Die Saga Markelle Fultz bei den Philadelphia 76ers nimmt immer obskurere Züge an. Der Berater des ehemaligen No.1-Picks ließ zuletzt verlauten, dass Fultz mit dem Thoracic-outlet-Syndrom diagnostiziert wurde. Was ist das überhaupt und was bedeutet dies nun für den Sixers-Guard? SPOX hat bei einem Schulter-Spezialisten nachgehakt und die wichtigsten Fragen beantwortet.
Was ist das Thoracic-oulet-Syndrom?
"Bei Markelle wurde das Thoracic-outlet-Syndrome diagnostiziert", ließ Fultz' Agent Raymond Brothers via Adrian Wojnarowski (ESPN) vor einigen Tagen verlauten und beendete so (vorerst) das Rätselraten um die Schulter seines Schützlings. "Es beeinträchtigt die Nerven zwischen Nacken und Schulter, was zu einem gestörten Bewegungsablauf führt und daher Markelles Fähigkeit, einen Basketball zu werfen, massiv limitiert", führte der Berater weiter aus.
Schon seit über einem Jahr soll Fultz über Schmerzen in der Schulter geklagt haben, die Teamärzte der Philadelphia 76ers konnten den Anlass dafür indes nicht erkennen. Erst nachdem Brothers seinen Klienten quer durch das Land zu verschiedenen Chirurgen (bis zu 10!) schickte, wurde das Thoracic-outlet-Syndrom festgestellt.
Eine Diagnose, die es immer mal wieder im Baseball gab, in der NBA bisher aber kaum. Zuletzt wurde diese Verletzung bei Nets-Guard Ben Uzoh vor einigen Jahren festgestellt. Dieser klagte nicht nur über Schmerzen in der Schulter, sondern auch über Taubheit in seinen Daumen.

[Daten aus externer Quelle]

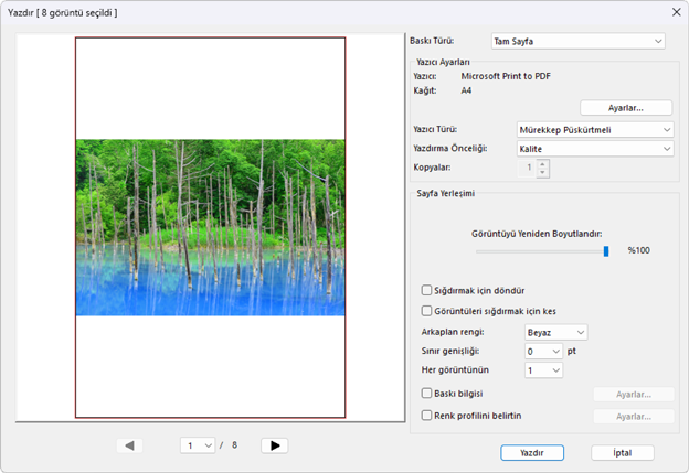 - [Tam Sayfa]: Her sayfaya bir resim yazdırın.

Laut dem Chefarzt der Sportorthopädie im Klinikums Rechts der Isar in München, Prof. Dr. Andreas B. Imhoff, der als einer der besten Schulter-Spezialisten in Deutschland gilt, dürfte die Verletzung allerdings häufiger als bisher diagnostiziert auftreten. "Bei überkopfwerfenden Sportlern und Athleten ist dies nicht so selten", sagte Professor Imhoff gegenüber SPOX.

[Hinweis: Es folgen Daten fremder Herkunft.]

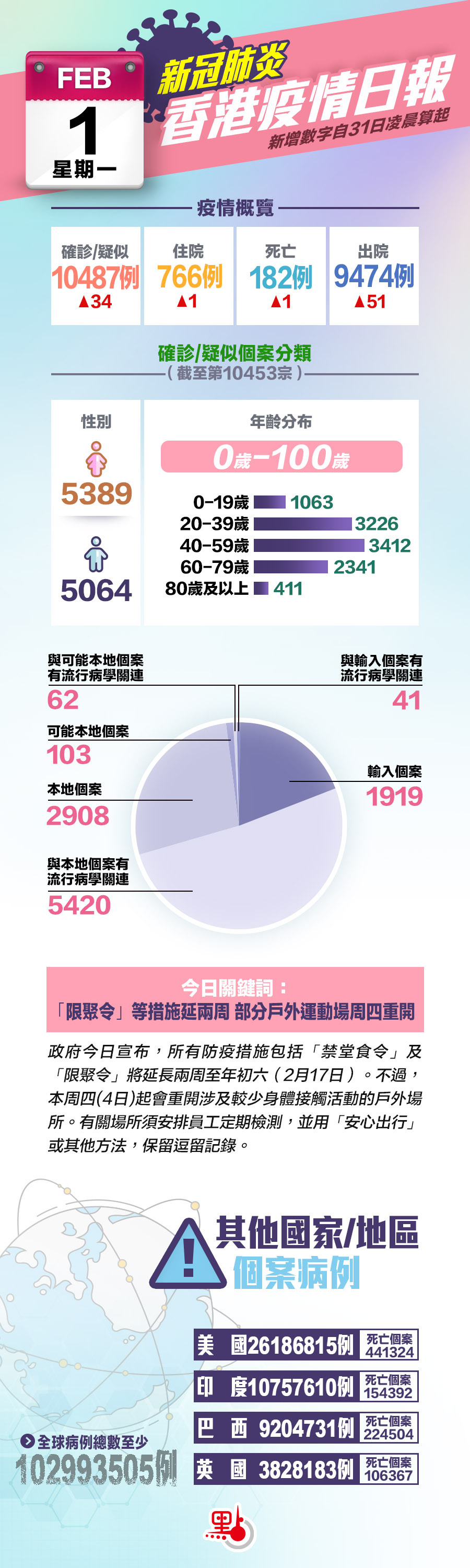 本港今日新增34宗確診個案,涉及16男18女,年齡介乎2個月至83歲,包括5宗輸入個案及29宗本地感染,本地個案中,8宗源頭不明,其餘21宗與早前個案有關,包括2宗綠楊新邨R座04單位個案。本地感染個案中有9宗是由社區檢測中心及流動檢測站驗出,另有20多宗初步確診個案。本港累計共10487宗病例。

"Das Thoracic-outlet-Syndrom bedeutet einen Engpass der Gefäße, wenn der Arm über die Horizontale gehoben wird. Es kommt dann zu einer Minderdurchblutung, manchmal auch mit Gefühlsstörungen", erklärte Imhoff weiter. Allerdings gab er auch zu bedenken, dass das Ausmaß der Einengung variieren könne.
War falsches Training von Fultz der Grund für die Verletzung?
Doch wie kam es nun zu dieser Verletzung? War falsches Training der Grund für die Einengung der Gefäße? Fakt ist, dass Fultz' Wurfform seit dem Beginn seiner Rookie-Saison völlig abhanden gekommen ist. Von einem sauberen Release ist der ehemalige No.1-Pick im Moment so weit entfernt wie die Cleveland Cavaliers von den Playoffs, was sogar Berufsoptimist Tristan Thompson zuletzt einsehen musste.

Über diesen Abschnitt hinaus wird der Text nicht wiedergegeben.